*The task*
The reply should repeat all of the data word for word, with no pictures.

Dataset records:
^^^^

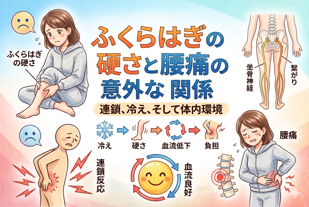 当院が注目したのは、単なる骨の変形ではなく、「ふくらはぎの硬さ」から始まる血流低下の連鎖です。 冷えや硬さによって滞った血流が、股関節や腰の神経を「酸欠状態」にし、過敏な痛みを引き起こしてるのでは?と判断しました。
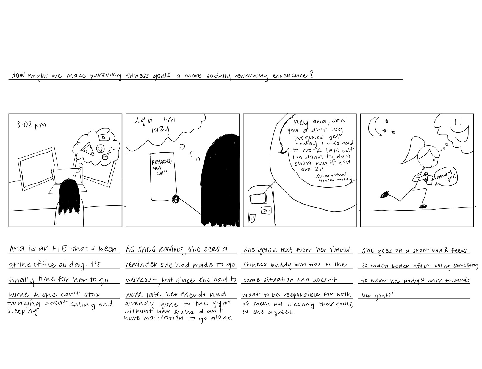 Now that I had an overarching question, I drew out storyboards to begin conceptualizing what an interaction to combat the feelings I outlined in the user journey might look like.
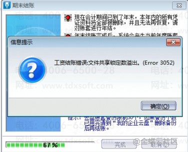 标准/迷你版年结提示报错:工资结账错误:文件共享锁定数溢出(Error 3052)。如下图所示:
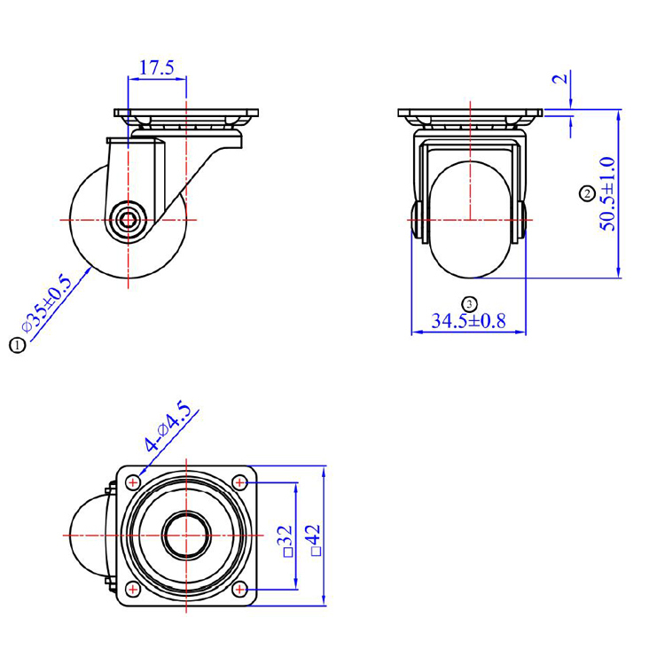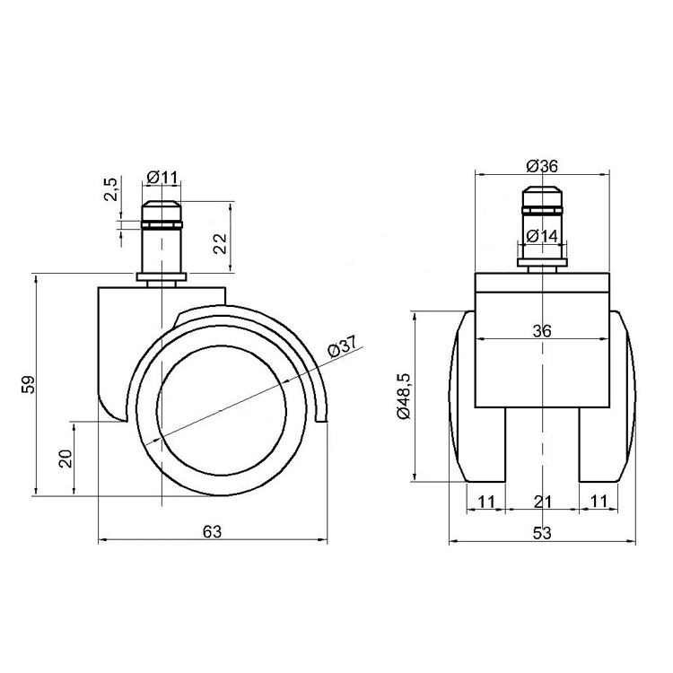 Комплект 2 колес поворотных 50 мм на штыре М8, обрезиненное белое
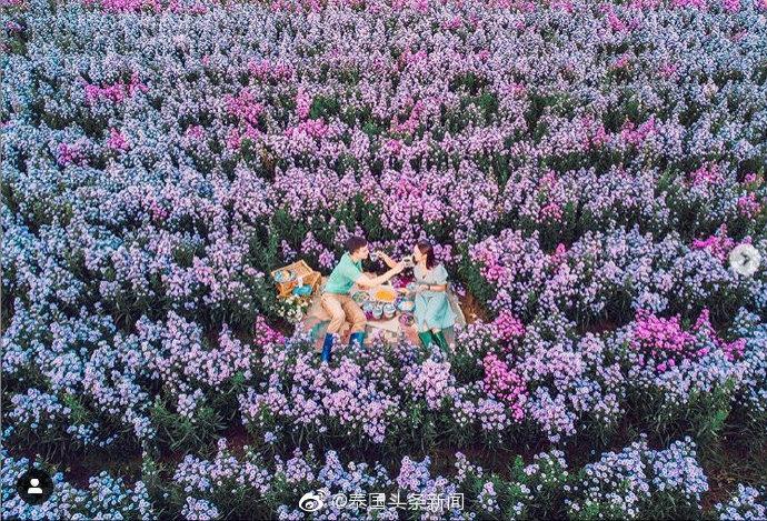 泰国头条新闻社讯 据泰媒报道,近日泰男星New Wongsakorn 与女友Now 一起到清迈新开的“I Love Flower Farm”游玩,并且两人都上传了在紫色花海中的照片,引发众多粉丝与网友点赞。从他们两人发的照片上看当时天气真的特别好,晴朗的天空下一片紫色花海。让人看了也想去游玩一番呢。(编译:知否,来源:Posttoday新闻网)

^^^^

*Solution for this problem*
 当院が注目したのは、単なる骨の変形ではなく、「ふくらはぎの硬さ」から始まる血流低下の連鎖です。 冷えや硬さによって滞った血流が、股関節や腰の神経を「酸欠状態」にし、過敏な痛みを引き起こしてるのでは?と判断しました。
 Now that I had an overarching question, I drew out storyboards to begin conceptualizing what an interaction to combat the feelings I outlined in the user journey might look like.
 标准/迷你版年结提示报错:工资结账错误:文件共享锁定数溢出(Error 3052)。如下图所示:
 Комплект 2 колес поворотных 50 мм на штыре М8, обрезиненное белое
 泰国头条新闻社讯 据泰媒报道,近日泰男星New Wongsakorn 与女友Now 一起到清迈新开的“I Love Flower Farm”游玩,并且两人都上传了在紫色花海中的照片,引发众多粉丝与网友点赞。从他们两人发的照片上看当时天气真的特别好,晴朗的天空下一片紫色花海。让人看了也想去游玩一番呢。(编译:知否,来源:Posttoday新闻网)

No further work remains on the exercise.